Le Parti vert veut se faire connaître et voir au Québec

Le recrutement de Georges Laraque n'est que le premier jalon d'une entreprise de visibilité du Parti vert du Canada au Québec. Une tournée dans la province et des conférences de députés verts européens sont aussi au menu d'ici la fin du printemps.

En entrevue avec Le Devoir, le nouveau chef adjoint du Parti vert du Canada, l'ancien journaliste Jacques Rivard, affirme que tout est à faire pour sa formation dans la province. «Au Québec, on fait 3,5 % dans les intentions de vote, alors qu'on frôle les 10 % dans les autres provinces. Il faut davantage montrer notre parti et afficher ce qu'on a à offrir», dit-il.

M. Rivard reconnaît à demi-mot que l'embauche de l'ancien joueur de hockey Georges Laraque en tant que conseiller est avant tout un coup de marketing. «Il attire l'attention; c'est quelqu'un de populaire et ce n'est pas mauvais, dit-il. Mais c'est aussi un gars engagé dans plusieurs causes intéressantes et qui veut aider son pays à devenir plus vert.»

Georges Laraque fera d'ailleurs partie de la tournée du Québec prévue ce printemps par Jacques Rivard. Le chef adjoint du Parti vert du Canada entend se rendre dans toutes les régions pour faire connaître son parti et commencer à structurer les circonscriptions en vue de la prochaine bataille électorale. «Présentement, les circonscriptions sont laissées à elles-mêmes. C'est un peu "peace and love" comme mentalité. Ça doit changer», dit-il.

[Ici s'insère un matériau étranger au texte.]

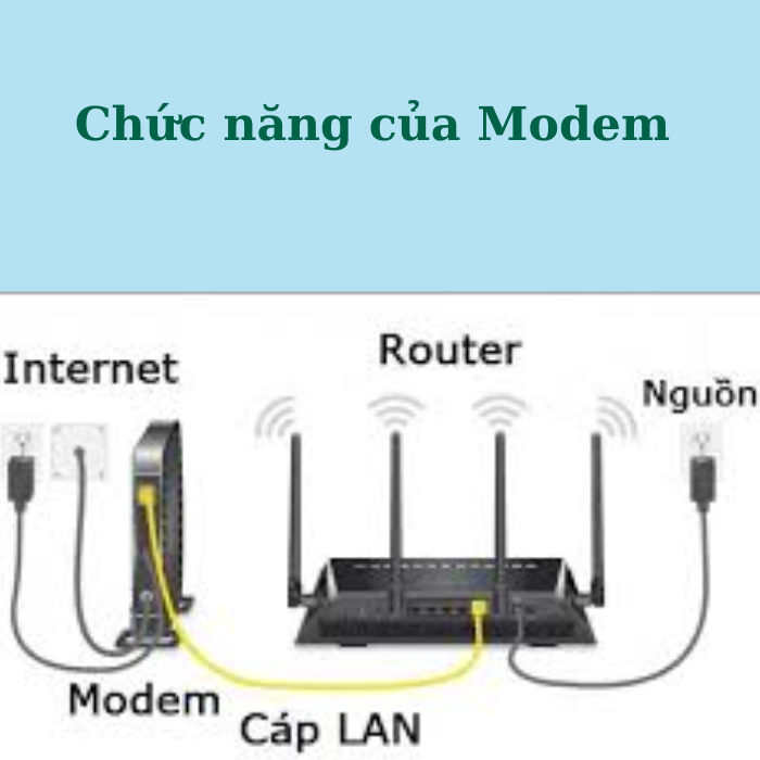 Hiểu đơn giản, modem là cửa ngõ đầu tiên giúp Internet đi vào ngôi nhà của bạn. Modem sẽ kết nối trực tiếp với đường truyền cáp quang hoặc cáp đồng. Sau khi nhận tín hiệu, modem giải mã và cung cấp Internet cho thiết bị tiếp theo (thường là Router wifi). Một số modem hiện nay được tích hợp thêm chức năng phát wifi, gọi là modem wifi, cho phép bạn dùng Internet trực tiếp mà không cần thêm router.
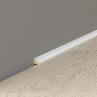 Σοβατεπί σε λευκή απόχρωση με επικάλυψη από MDF με εύκολη κολλητή τοποθέτηση. Τα σοβατεπί βοηθούν στο τελικό φινίρισμα σε κάθε δάπεδο δίνοντας το αισθητικό αποτέλεσμα που επιθυμείς. Είναι στενές οριζόντιες λωρίδες που εφαρμόζονται περιμετρικά του τοίχου στο σημείο που εφάπτεται το πάτωμα. Λειτουργούν σαν μια ασπίδα προστασίας μεταξύ του πατώματος και του τοίχου. Καλύπτουν τυχόν ατέλειες και προστατεύουν τους τοίχους και τα πατώματα από τα χτυπήματα και την υγρασία.

L'une des premières étapes sera d'ailleurs d'améliorer les communications en français. Par exemple, le communiqué de presse envoyé aux journalistes lundi pour officialiser l'embauche de Georges Laraque était uniquement en anglais, même si toutes les personnes citées sont francophones et viennent du Québec. «C'est inacceptable. Il faut que le français et l'anglais sortent en même temps. C'était clairement une erreur», dit Jacques Rivard.

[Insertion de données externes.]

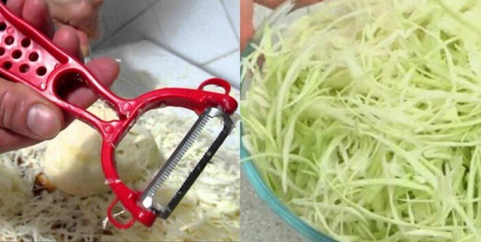 А как вы используете овощечистку? Уверены, что об этих способах использования этого кухонного девайса вы не слышали. А ведь с ними приготовление еды ускорится в разы! Всё ещё просто чистите картошку или морковку? Тогда вы удивитесь, что простую овощечистку можно использовать для того, чтобы… 1. Нашинковать капусту Быстро, тонко – идеально для солений! А ещё гораздо проще и эстетичные, чем с ножом возиться, пытаясь сделать идеальные полоски. 2. Нарезать лук тонкими ломтиками Тонкие кусочки прекрасно сгодятся для салата. А если использовать их в качестве зажарки, то она будет готова значительно быстрее, чем привычные «кубики». 3. Приготовить «сушку» Решили запастись витаминами и самостоятельно высушить овощи или фрукты? Тогда нарежьте их овощечисткой. Тонкие ломтики просушатся за пару дней. 4. Сделать чипсы собственного приготовления Тончайшие ломтики картошки + масло + тщательная прожарка или томление в горячей духовке = хрустящие чипсы без лишней химии и консервантов! Обычным ножом

Le Parti vert du Canada souhaite aussi inviter plusieurs conférenciers européens à parler de l'importance des verts dans le monde. «Il y a 168 députés verts sur la planète, répartis dans 15 pays. Partout où des verts ont été élus, le pays a respecté le protocole de Kyoto. Il y a une crédibilité chez les verts qu'il faut enseigner ici. On veut montrer que c'est possible d'avoir des verts au Parlement», dit-il.

La première conférence a d'ailleurs lieu demain soir à l'Université McGill, à Montréal, alors que Baerbel Hoehn, ancienne ministre de l'Environnement, de l'Agriculture et de la Consommation pour les verts en Allemagne, prendra la parole.